Home / / Datasets / / DocLayNet-large
The DocLayNet dataset is a large human-annotated dataset for document-layout segmentation. It provides page-by-page layout segmentation ground-truth using bounding-boxes for 11 distinct class labels on 80863 unique pages from 6 document categories. Compared to related work such as PubLayNet or DocBank, DocLayNet offers several unique features, including human annotation, large layout variability, a detailed label set, redundant annotations, and pre-defined train, test, and validation sets.
The DocLayNet dataset consists of 80863 unique pages from 6 document categories. It is divided into three datasets of different sizes: - DocLayNet small: approximately 1% of DocLayNet, with < 1.000k document images (691 train, 64 val, 49 test) - DocLayNet base: approximately 10% of DocLayNet, with < 10.000k document images (6910 train, 648 val, 499 test) - DocLayNet large: approximately 100% of DocLayNet, with < 100.000k document images (69.103 train, 6.480 val, 4.994 test)

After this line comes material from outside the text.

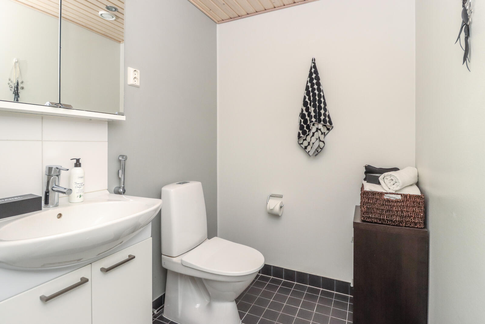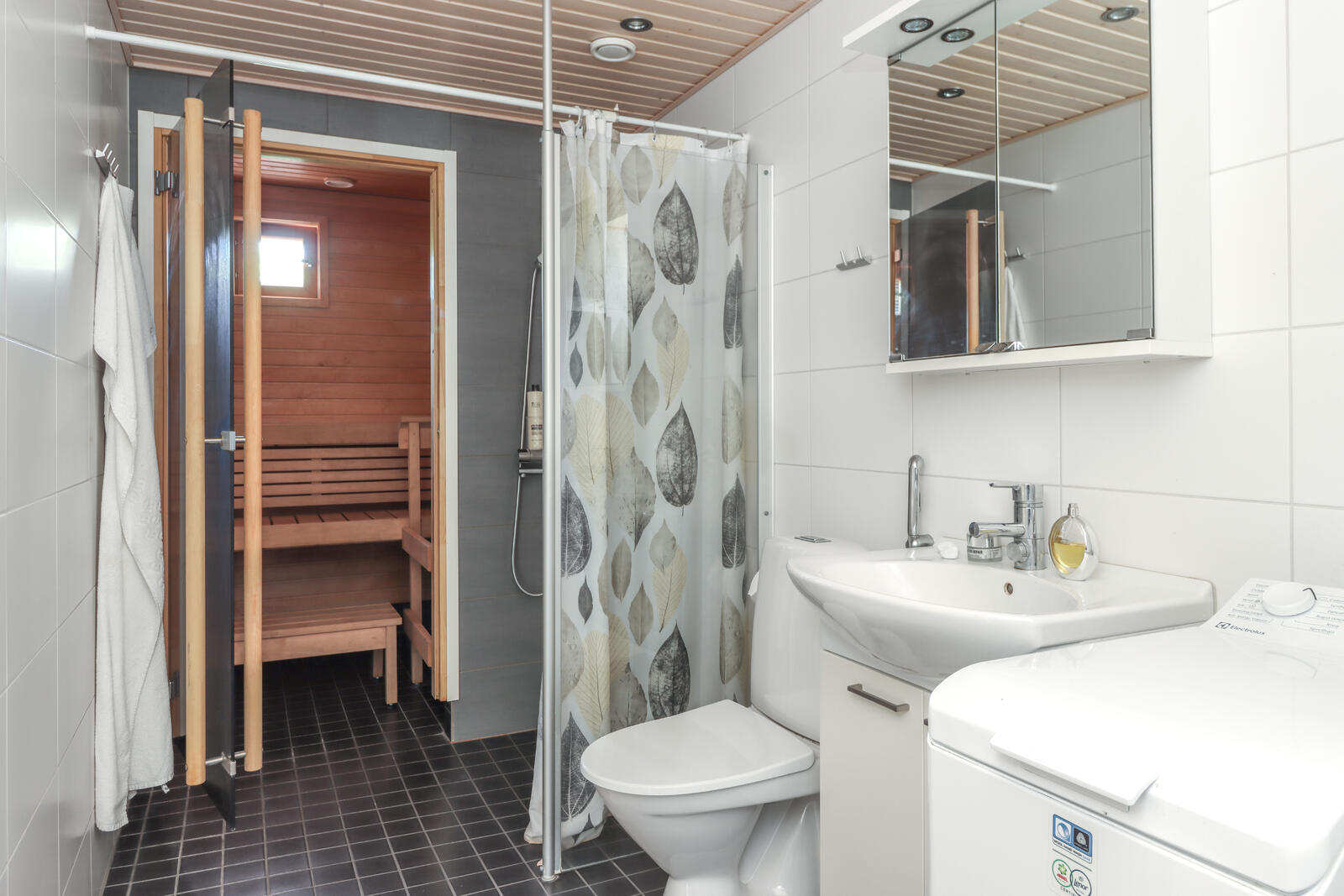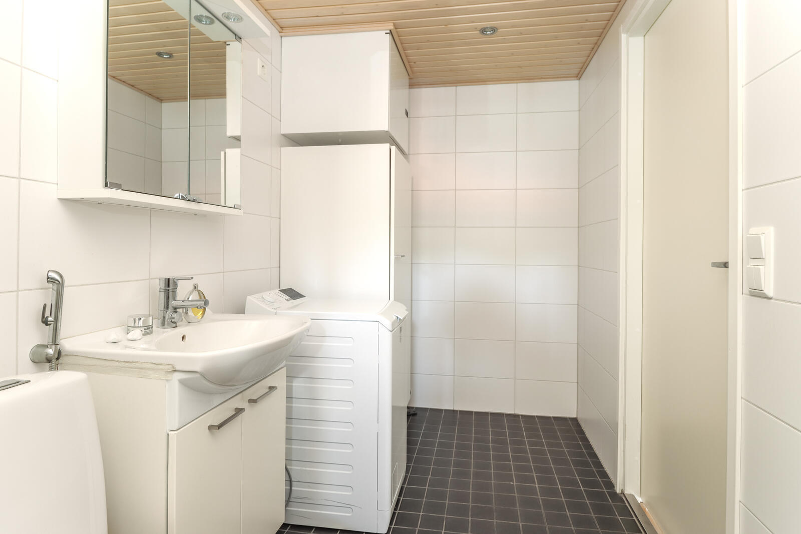 | Kylpyhuoneen kuvaus | Allaskaappi, pesukoneliitäntä, lattialämmitys, peilikaappi ja kiinteät valaisimet, seinät (kaakeli), lattiat (laatta) |

The DocLayNet dataset can be used for various tasks, including object detection, image segmentation, and token classification. Its applications include document analysis, layout analysis, and document-understanding tasks. The dataset has been used for fine-tuning layout models like LayoutLMv3 or LiLT, and it is also suitable for evaluating and benchmarking performance in layout segmentation tasks. Additionally, the DocLayNet dataset has been used in the IBMICDAR 2023 Competition on Robust Layout Segmentation in Corporate Documents.
The DocLayNet dataset is published under the CDLA-Permissive-1.0 license.